* **Action item**: Please make an exact copy of the lines from the one holding "Гидравлический блок с" through the end of the data, both ends included, with no pictures.

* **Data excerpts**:
──────────────────────────────

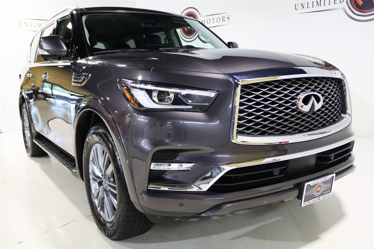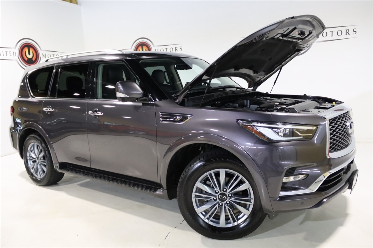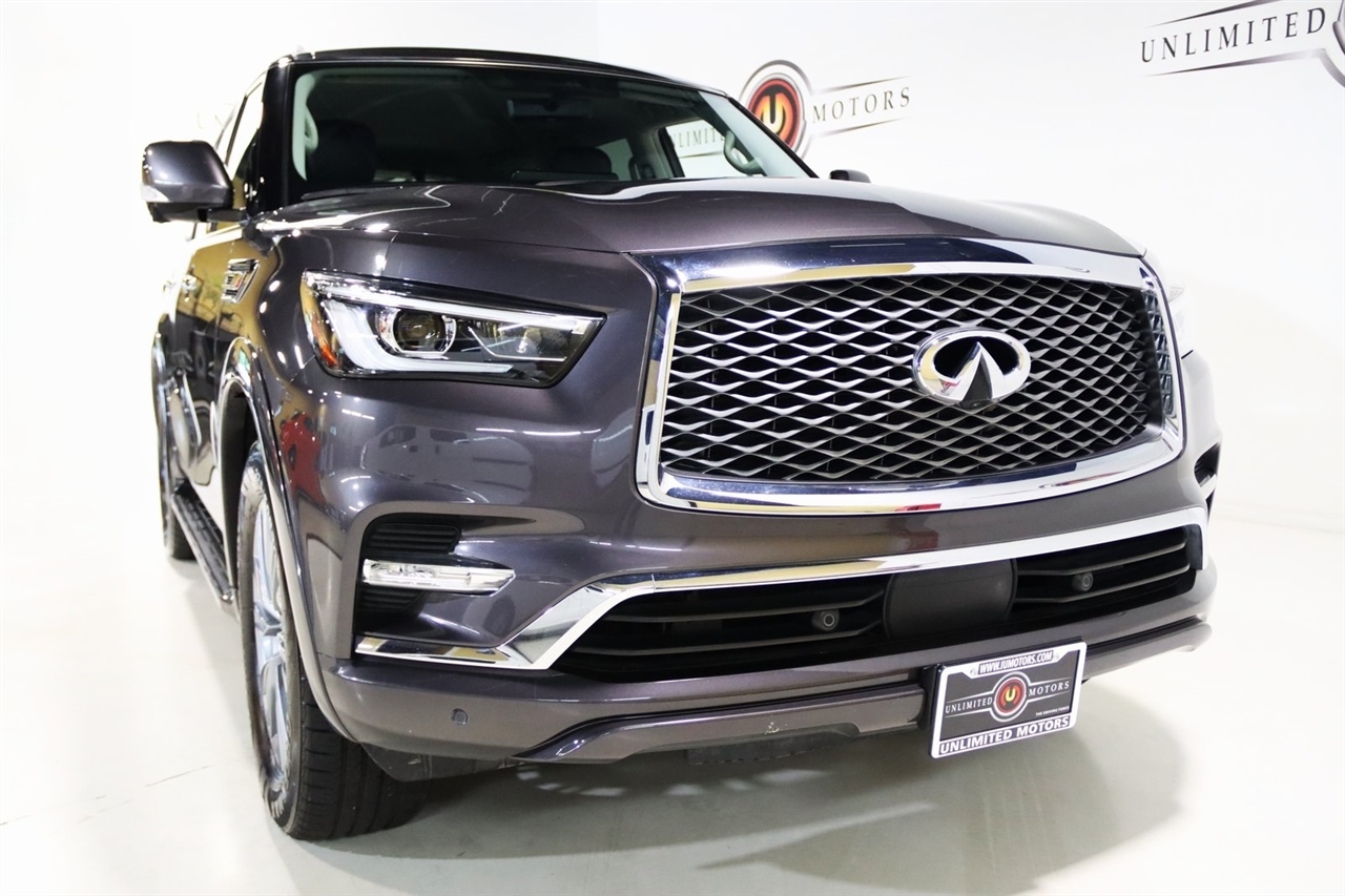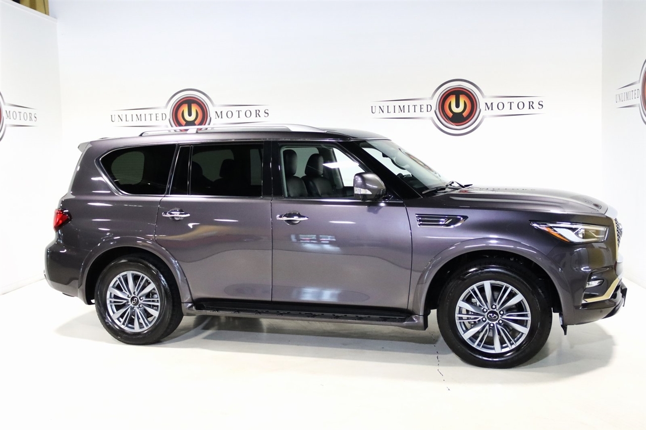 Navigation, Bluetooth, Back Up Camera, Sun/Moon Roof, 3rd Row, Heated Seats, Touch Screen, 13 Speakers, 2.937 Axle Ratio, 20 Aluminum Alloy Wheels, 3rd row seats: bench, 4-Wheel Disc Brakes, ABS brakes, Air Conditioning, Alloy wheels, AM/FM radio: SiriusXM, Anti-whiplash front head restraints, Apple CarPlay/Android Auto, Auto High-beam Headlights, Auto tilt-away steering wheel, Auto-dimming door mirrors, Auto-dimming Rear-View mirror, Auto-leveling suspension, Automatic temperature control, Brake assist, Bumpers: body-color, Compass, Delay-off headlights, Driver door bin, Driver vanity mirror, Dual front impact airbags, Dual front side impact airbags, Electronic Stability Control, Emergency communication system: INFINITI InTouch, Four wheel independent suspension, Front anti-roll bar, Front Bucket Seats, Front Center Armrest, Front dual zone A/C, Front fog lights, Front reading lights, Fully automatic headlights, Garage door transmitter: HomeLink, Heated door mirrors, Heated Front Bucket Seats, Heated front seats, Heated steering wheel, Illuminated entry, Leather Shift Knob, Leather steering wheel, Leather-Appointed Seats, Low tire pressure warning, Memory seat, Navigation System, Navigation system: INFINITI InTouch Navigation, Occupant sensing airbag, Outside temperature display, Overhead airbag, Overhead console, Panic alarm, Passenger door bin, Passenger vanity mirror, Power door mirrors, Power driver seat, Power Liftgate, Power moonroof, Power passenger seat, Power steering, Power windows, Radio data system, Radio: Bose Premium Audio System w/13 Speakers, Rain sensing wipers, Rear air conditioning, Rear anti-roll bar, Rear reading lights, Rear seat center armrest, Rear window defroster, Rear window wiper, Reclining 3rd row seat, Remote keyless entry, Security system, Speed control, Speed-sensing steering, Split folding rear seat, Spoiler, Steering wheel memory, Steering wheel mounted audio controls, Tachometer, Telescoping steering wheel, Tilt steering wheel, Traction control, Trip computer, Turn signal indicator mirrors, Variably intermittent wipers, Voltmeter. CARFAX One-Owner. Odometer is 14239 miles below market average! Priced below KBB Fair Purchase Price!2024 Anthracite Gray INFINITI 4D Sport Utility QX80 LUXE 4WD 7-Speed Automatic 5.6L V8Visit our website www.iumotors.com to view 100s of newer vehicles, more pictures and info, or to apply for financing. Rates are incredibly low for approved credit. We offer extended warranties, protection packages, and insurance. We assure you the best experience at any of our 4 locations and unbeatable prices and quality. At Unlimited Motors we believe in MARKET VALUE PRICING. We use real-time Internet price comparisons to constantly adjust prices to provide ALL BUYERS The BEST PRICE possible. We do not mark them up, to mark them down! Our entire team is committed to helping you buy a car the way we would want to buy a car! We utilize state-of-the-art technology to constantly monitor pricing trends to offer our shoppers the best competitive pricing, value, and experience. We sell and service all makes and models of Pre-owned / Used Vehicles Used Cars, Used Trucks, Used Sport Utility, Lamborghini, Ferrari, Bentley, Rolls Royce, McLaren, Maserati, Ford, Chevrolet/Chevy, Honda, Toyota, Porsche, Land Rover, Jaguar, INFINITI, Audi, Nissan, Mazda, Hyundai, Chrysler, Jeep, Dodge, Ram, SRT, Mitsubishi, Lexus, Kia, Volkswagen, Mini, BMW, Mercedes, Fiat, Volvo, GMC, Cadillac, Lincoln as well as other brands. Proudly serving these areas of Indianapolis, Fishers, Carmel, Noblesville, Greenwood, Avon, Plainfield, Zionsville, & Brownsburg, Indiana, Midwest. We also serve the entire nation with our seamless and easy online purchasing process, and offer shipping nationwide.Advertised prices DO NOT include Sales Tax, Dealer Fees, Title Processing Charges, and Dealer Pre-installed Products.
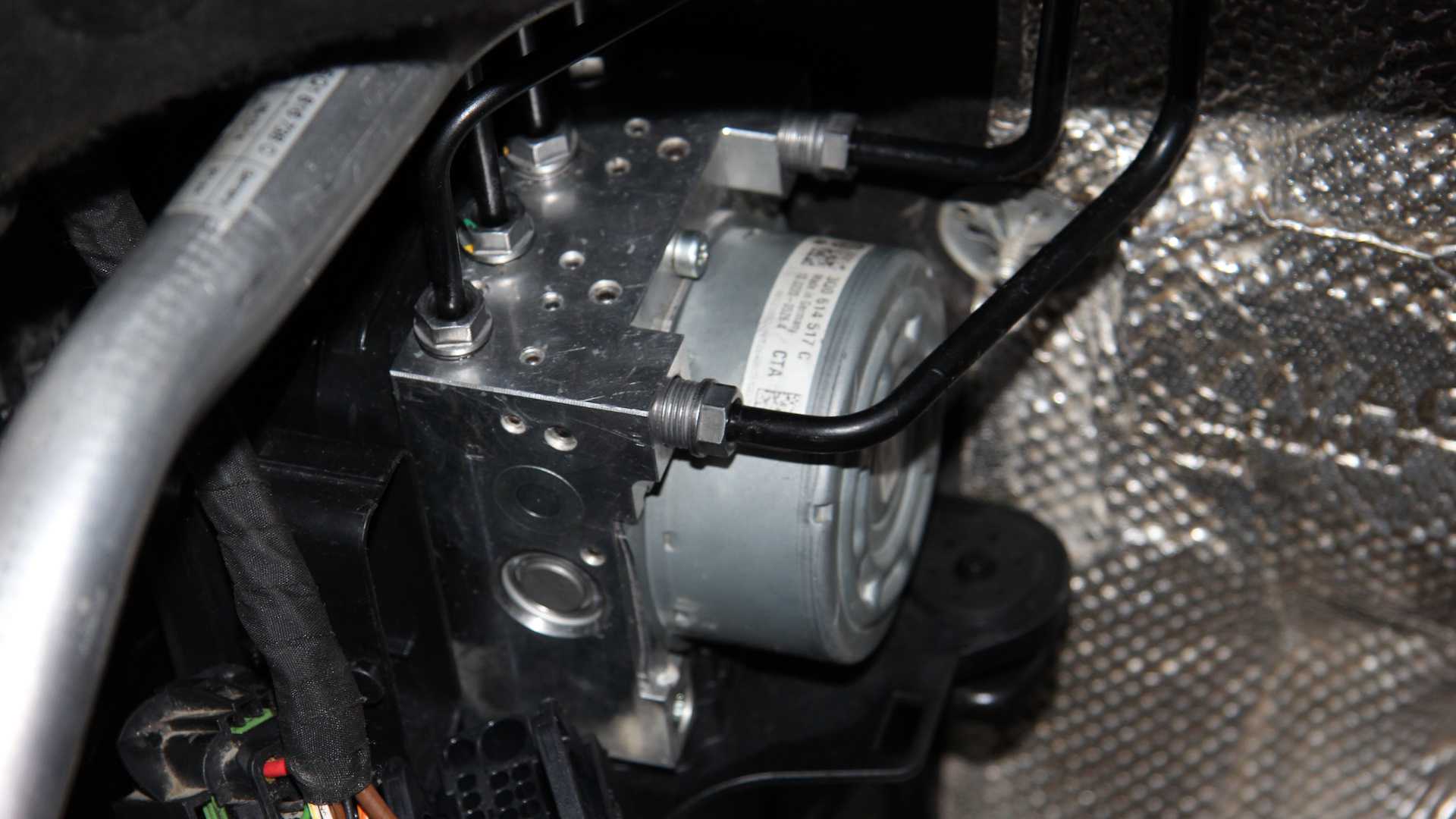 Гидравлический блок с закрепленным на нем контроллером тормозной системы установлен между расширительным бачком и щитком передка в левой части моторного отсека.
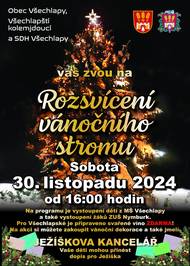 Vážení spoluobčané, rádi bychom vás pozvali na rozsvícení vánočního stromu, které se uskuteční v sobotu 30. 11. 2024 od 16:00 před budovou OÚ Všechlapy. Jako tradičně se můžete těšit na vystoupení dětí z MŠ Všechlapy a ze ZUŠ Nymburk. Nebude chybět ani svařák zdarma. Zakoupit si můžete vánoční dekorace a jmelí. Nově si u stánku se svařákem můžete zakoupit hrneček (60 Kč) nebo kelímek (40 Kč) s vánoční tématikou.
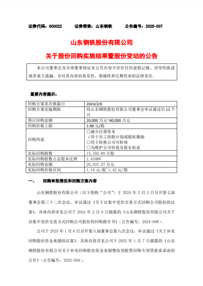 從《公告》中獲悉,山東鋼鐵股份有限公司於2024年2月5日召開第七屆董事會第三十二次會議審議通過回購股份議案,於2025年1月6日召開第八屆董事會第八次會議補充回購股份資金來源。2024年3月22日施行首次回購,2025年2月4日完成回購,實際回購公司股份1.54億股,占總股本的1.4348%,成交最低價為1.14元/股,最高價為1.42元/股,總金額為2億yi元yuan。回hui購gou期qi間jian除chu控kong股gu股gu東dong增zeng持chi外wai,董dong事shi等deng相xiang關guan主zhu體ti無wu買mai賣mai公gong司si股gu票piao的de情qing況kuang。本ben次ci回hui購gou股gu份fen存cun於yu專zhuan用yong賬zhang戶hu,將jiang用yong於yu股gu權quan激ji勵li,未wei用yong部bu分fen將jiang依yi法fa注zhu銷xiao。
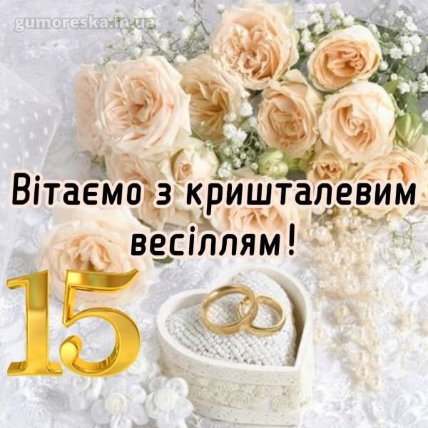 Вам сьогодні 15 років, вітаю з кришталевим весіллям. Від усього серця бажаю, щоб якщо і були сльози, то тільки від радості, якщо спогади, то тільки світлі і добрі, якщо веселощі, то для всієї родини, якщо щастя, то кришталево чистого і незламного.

──────────────────────────────

* **Response area**:
 Гидравлический блок с закрепленным на нем контроллером тормозной системы установлен между расширительным бачком и щитком передка в левой части моторного отсека.
 Vážení spoluobčané, rádi bychom vás pozvali na rozsvícení vánočního stromu, které se uskuteční v sobotu 30. 11. 2024 od 16:00 před budovou OÚ Všechlapy. Jako tradičně se můžete těšit na vystoupení dětí z MŠ Všechlapy a ze ZUŠ Nymburk. Nebude chybět ani svařák zdarma. Zakoupit si můžete vánoční dekorace a jmelí. Nově si u stánku se svařákem můžete zakoupit hrneček (60 Kč) nebo kelímek (40 Kč) s vánoční tématikou.
 從《公告》中獲悉,山東鋼鐵股份有限公司於2024年2月5日召開第七屆董事會第三十二次會議審議通過回購股份議案,於2025年1月6日召開第八屆董事會第八次會議補充回購股份資金來源。2024年3月22日施行首次回購,2025年2月4日完成回購,實際回購公司股份1.54億股,占總股本的1.4348%,成交最低價為1.14元/股,最高價為1.42元/股,總金額為2億yi元yuan。回hui購gou期qi間jian除chu控kong股gu股gu東dong增zeng持chi外wai,董dong事shi等deng相xiang關guan主zhu體ti無wu買mai賣mai公gong司si股gu票piao的de情qing況kuang。本ben次ci回hui購gou股gu份fen存cun於yu專zhuan用yong賬zhang戶hu,將jiang用yong於yu股gu權quan激ji勵li,未wei用yong部bu分fen將jiang依yi法fa注zhu銷xiao。
 Вам сьогодні 15 років, вітаю з кришталевим весіллям. Від усього серця бажаю, щоб якщо і були сльози, то тільки від радості, якщо спогади, то тільки світлі і добрі, якщо веселощі, то для всієї родини, якщо щастя, то кришталево чистого і незламного.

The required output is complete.